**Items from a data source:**
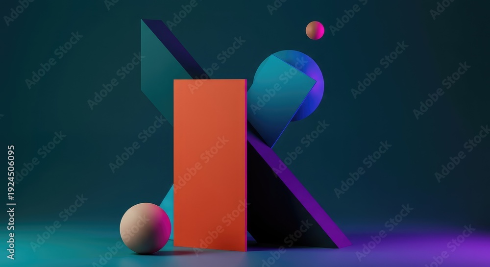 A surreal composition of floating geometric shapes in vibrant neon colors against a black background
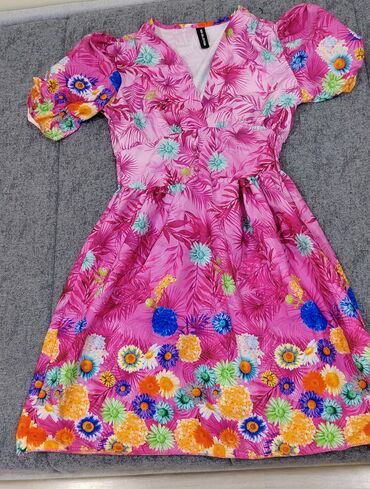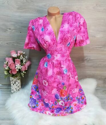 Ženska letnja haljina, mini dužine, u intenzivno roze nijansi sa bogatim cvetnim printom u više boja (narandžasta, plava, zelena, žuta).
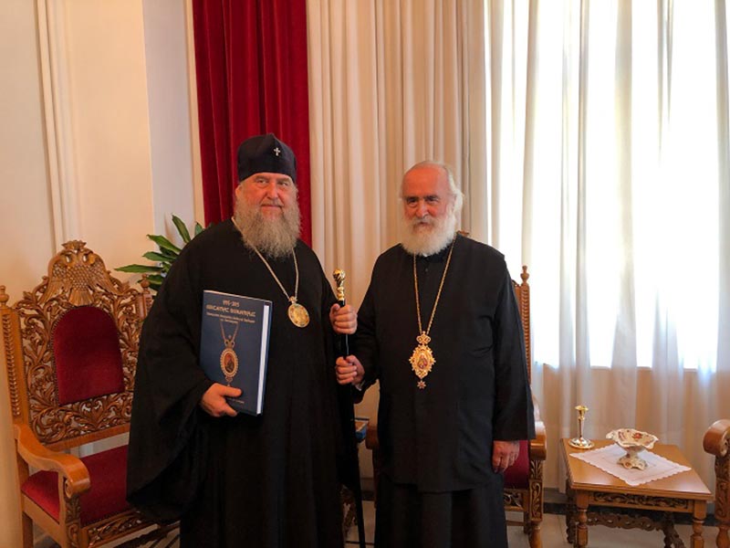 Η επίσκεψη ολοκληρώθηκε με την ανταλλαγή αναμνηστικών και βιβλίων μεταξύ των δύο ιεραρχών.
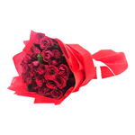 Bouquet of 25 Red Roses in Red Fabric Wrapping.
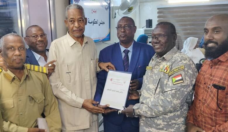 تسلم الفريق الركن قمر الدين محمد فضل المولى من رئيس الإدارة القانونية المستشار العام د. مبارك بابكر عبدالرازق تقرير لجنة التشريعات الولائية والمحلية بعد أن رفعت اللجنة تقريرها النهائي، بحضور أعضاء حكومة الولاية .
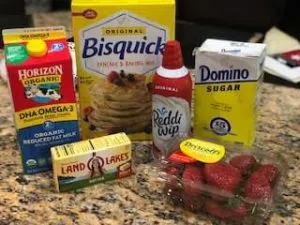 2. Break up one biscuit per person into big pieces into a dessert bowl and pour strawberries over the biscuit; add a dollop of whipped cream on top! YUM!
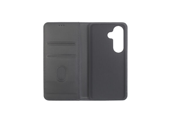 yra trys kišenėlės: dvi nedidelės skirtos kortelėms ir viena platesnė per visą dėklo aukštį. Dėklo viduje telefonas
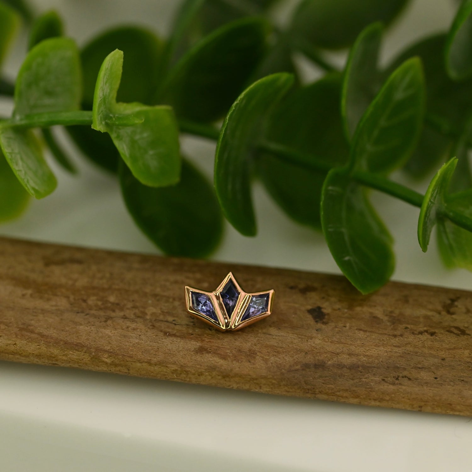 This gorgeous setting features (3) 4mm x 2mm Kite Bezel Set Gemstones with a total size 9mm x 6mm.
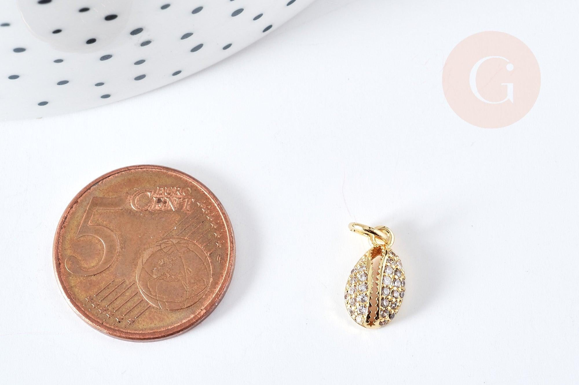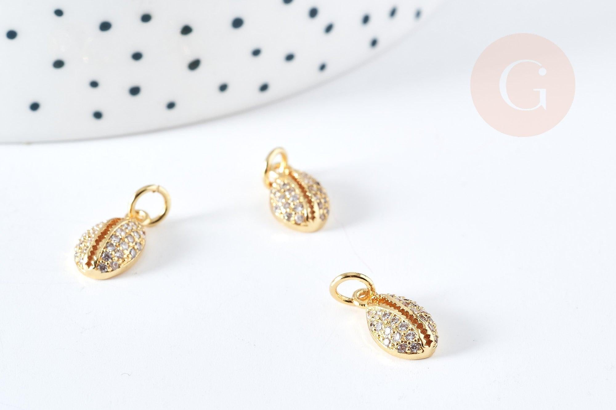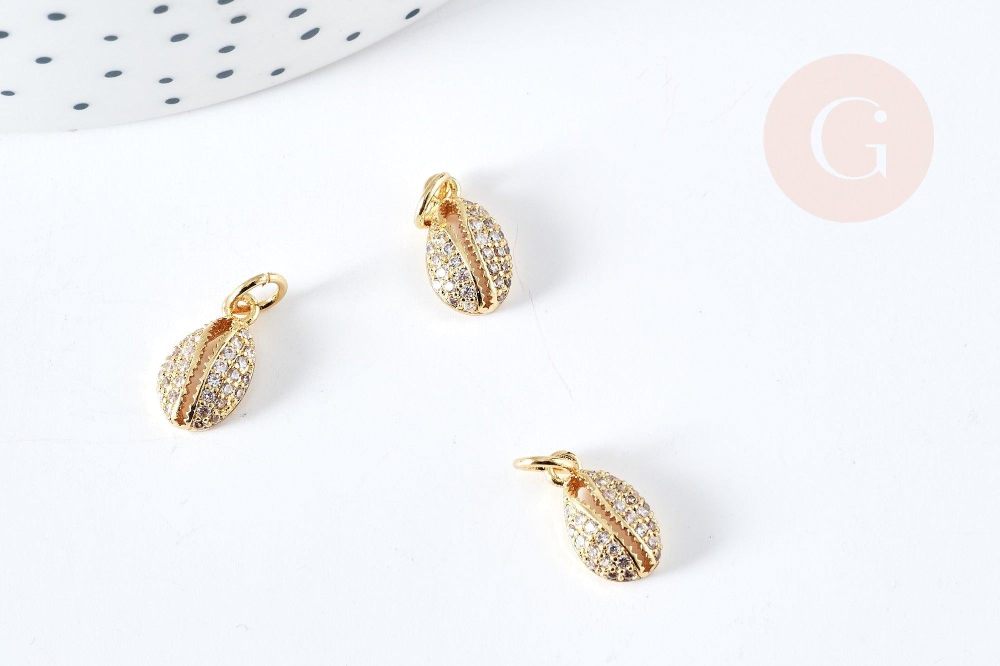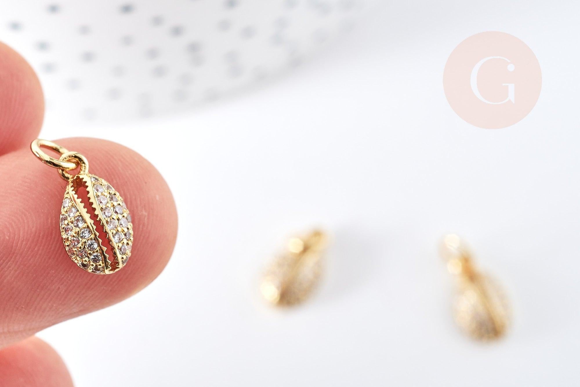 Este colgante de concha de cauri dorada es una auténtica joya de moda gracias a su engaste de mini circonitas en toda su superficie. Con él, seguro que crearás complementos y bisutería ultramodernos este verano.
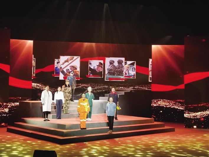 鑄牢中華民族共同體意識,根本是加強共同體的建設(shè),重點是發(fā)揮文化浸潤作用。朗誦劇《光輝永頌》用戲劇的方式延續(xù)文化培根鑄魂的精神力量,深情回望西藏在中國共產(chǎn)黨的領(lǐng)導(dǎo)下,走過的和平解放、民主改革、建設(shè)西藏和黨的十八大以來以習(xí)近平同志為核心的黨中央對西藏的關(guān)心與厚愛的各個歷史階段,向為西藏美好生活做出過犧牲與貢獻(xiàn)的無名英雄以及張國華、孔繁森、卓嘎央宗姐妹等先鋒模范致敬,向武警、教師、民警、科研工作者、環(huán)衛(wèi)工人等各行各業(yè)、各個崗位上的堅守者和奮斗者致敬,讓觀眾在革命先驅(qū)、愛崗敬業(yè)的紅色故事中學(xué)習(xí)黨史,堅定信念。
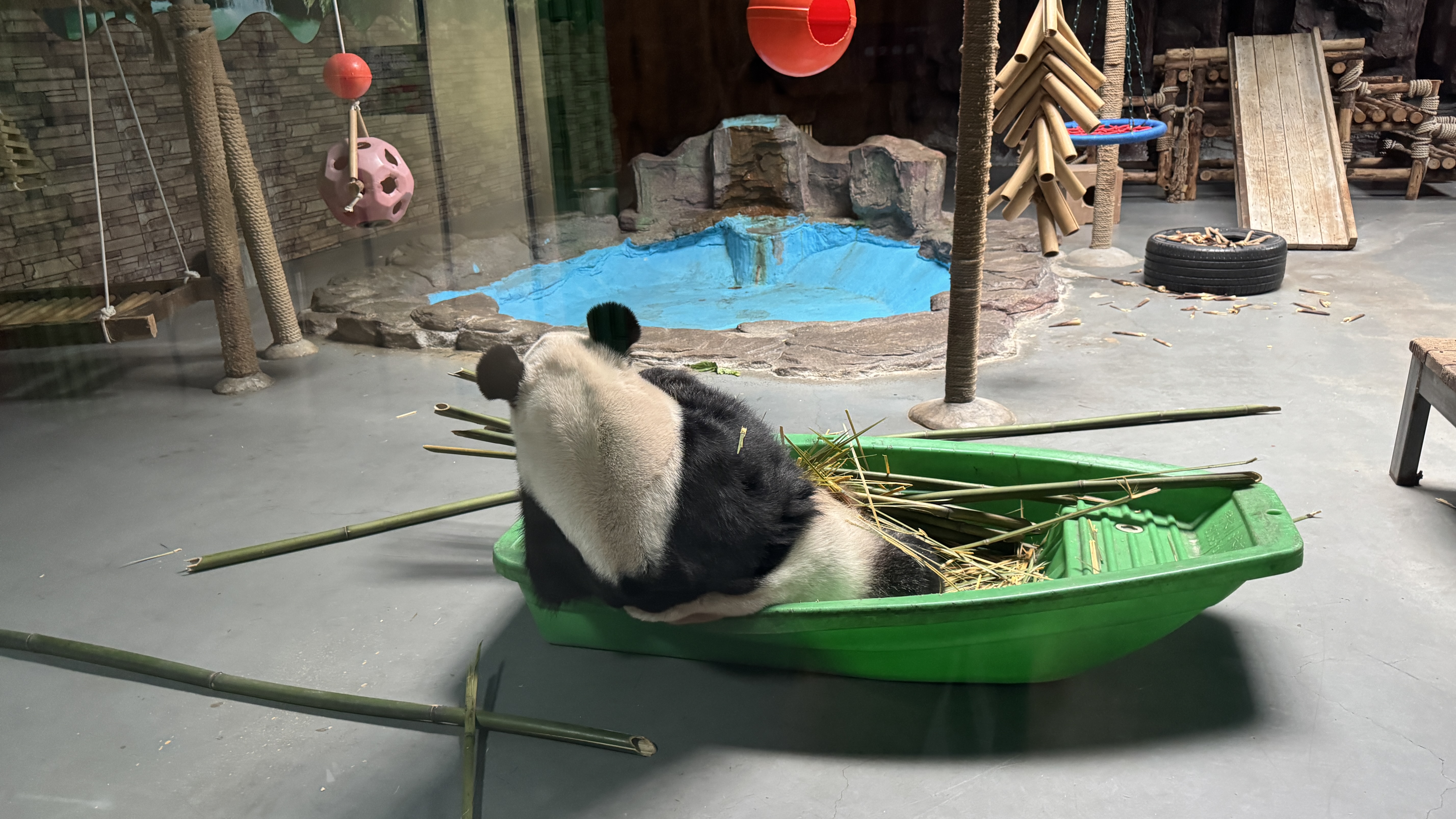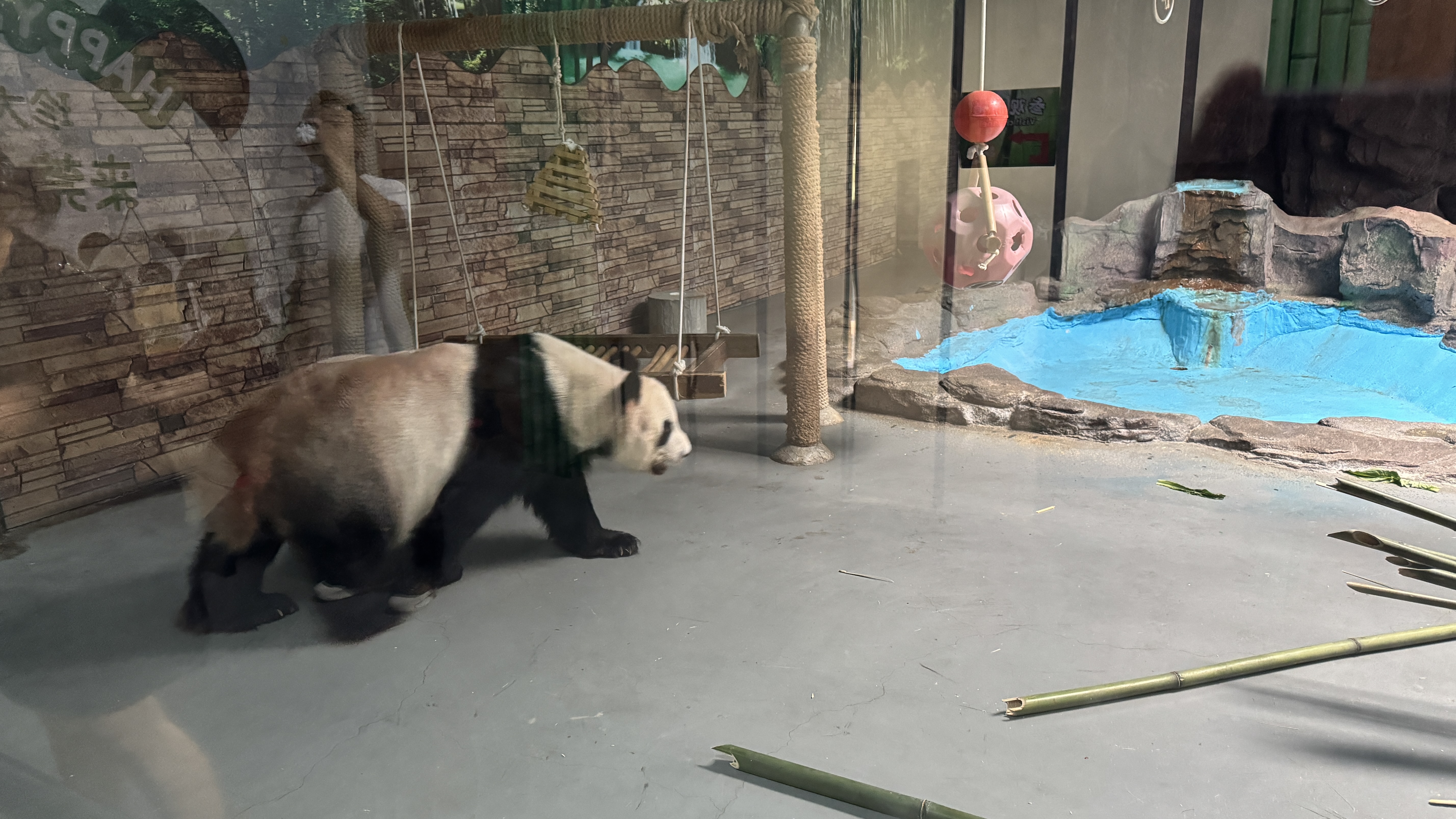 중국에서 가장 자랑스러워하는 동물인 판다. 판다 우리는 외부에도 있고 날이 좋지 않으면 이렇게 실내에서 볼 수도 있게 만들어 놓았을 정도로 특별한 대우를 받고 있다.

**AIM OF THE EXERCISE:** Starting at the line that holds "鑄牢中華民族共同體意識,根本", print each line through the last one of the entries above, exactly and with both ends included; no pictures.

**TASK OUTPUT:**
 鑄牢中華民族共同體意識,根本是加強共同體的建設(shè),重點是發(fā)揮文化浸潤作用。朗誦劇《光輝永頌》用戲劇的方式延續(xù)文化培根鑄魂的精神力量,深情回望西藏在中國共產(chǎn)黨的領(lǐng)導(dǎo)下,走過的和平解放、民主改革、建設(shè)西藏和黨的十八大以來以習(xí)近平同志為核心的黨中央對西藏的關(guān)心與厚愛的各個歷史階段,向為西藏美好生活做出過犧牲與貢獻(xiàn)的無名英雄以及張國華、孔繁森、卓嘎央宗姐妹等先鋒模范致敬,向武警、教師、民警、科研工作者、環(huán)衛(wèi)工人等各行各業(yè)、各個崗位上的堅守者和奮斗者致敬,讓觀眾在革命先驅(qū)、愛崗敬業(yè)的紅色故事中學(xué)習(xí)黨史,堅定信念。
 중국에서 가장 자랑스러워하는 동물인 판다. 판다 우리는 외부에도 있고 날이 좋지 않으면 이렇게 실내에서 볼 수도 있게 만들어 놓았을 정도로 특별한 대우를 받고 있다.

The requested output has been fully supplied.